Sunday, 10 June 2018

Dear Drunk Faye...

Dear Drunk Faye,

How’re you doing girl? Sober Faye here, just checking in and making sure you haven’t wandered off for attention again. First things first, how’re you enjoying that 20 McNugget Sharebox? So smart of you to get TWO medium fries for you and your imaginary friend to throw off the teenage fast food employee - even when wasted, you’re fearful of looking like a gluttonous hog and I admire that. Eating both portions of fries before you left McDonalds and aggressively yelling that they didn’t give you the 80 ketchups you requested was a bit of a giveaway though, just a heads up for next time.

So, how was your night? Just a word of warning, please don’t look at your phone as soon as you wake up. Your hangover will be brewing, you’ll be overly emotional and I’m not quite sure you’ll be ready to face the messages and phone calls you made whilst in the midst of a blackout. When will you learn that shots are never a good idea? I know, I know, your pals forced you. I really wish you’d grow out of reacting to peer pressure like Billy Big Bollocks but alas, you’re a people pleaser and must now suffer the vomit-inducing consequences. I hope you’re proud of yourself. 
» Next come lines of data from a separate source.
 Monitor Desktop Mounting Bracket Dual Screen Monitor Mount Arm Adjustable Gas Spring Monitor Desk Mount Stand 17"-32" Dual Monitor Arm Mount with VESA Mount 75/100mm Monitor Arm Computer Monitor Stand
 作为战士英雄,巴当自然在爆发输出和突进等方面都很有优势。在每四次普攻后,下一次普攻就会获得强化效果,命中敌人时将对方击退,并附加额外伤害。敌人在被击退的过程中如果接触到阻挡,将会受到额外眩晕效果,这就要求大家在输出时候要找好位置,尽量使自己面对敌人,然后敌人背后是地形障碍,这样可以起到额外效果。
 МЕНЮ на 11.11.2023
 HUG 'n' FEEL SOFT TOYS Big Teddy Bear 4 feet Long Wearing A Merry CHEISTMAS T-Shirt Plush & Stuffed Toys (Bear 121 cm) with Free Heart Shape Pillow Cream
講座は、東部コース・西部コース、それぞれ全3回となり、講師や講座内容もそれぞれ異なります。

A little note for the future, your friends, family, ex-boyfriends and colleagues don’t need to hear from you at 3am on a Wednesday night (and if your exes don’t answer the phone after one try, please put your phone away. Them waking up to 13 missed calls from you and various voicemails is just humiliating. They WILL save these voicemails to play back to you and you’ll ponder death in a real serious way). Maybe from now on, you should turn your phone off when you’re drinking heavily? A light suggestion from a mate. While were on the subject, please stop drunk calling your sister and dad at 1am, it’s not funny and it just makes them panic. Oh and for the love of god, stop replying to everyones Instagram stories, it just leads to horrendously awkward small talk the next day and that is frankly the last thing you need to deal with whilst hungover. I'm just awaiting the day you go off the rails and start drunk messaging people on LinkedIn. Oh, that happened last night? Good. 
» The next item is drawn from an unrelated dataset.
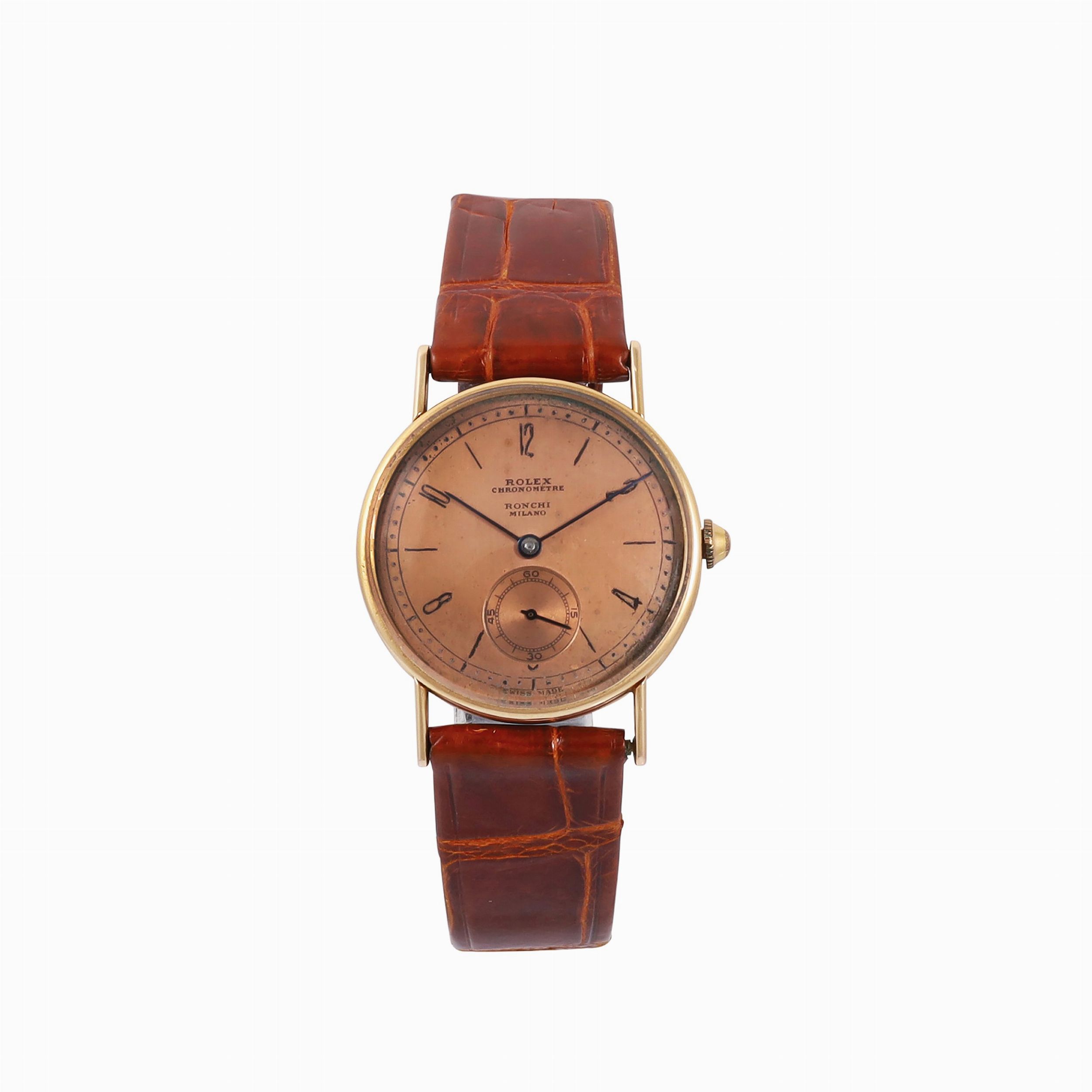 Ref: 3578, Ronchi MilanoCassa: in oro rosa 18K, a gradini, fondello a pressione Quadrante: Rosa con numeri Arabi e indici a bastone. Sfere a bastoneMovimento: manuale, firmatoAnno: 1940 circaDIAM: 32 mmAccessori: scatola originale

Drunk Faye, hun, stop treating booze like truth serum - no one, and I mean NO ONE needs to know how bad your mental health is currently and they certainly don't need to know (in graphic detail) the things you like or would change about your vagina. Save those juicy anecdotes for your diary or maybe don’t discuss it at all? just a thought. Anywho, did you make any nice new friends when you visited the toilets 15-30 times last night? I know you like to be everyones BFF and be Mrs ‘Make it Rain’ when you’re out in groups but please try and not spend too much money - just go to Sainsburys and smuggle in some Gins in Tins to the club, I promise you’ll thank me tomorrow! Maybe even treat yourself to one of those tiny bottles of prosecco? You can do that joke you love about you being a giant and it actually being a normal sized bottle of bubbly. LOL, gets me every time. Such a crowdpleaser!

I’ve put some bits in the fridge for you for tomorrow including some chocolate you’ll inevitably vomit up in the nearest sink and a litre of coke zero for you to drink straight out of the bottle like a human trash bag - when you wake up tomorrow horrifically early (because life is unfair and you know you can’t sleep when you’re white woman wasted), you will still be drunk so try to shower straight away before the hangover really kicks in to gear otherwise you’ll be bed bound with ‘festival body’ (various scents, mostly booze and regret) and will repeatedly beg your roommate for a sponge bath. She’ll just say no and it’ll make you paranoid. Again, it’s not that she doesn’t want to see you naked, it just a weird request to ask as a capable human adult. 

I’ll be livid if you’ve wet the bed.

All the best,

Sober Faye 


P.S - Wait until you’ve finished having your ‘hungover tactical chunders’ before you order deliveroo, if you order it during, it'll just be cold by the time you finish puking and crying. No one likes a cold nandos. How have you not learnt this lesson yet? Every fucking time.

P.P.S - Genuinely, I’ll be fuming if you’ve pissed the bed.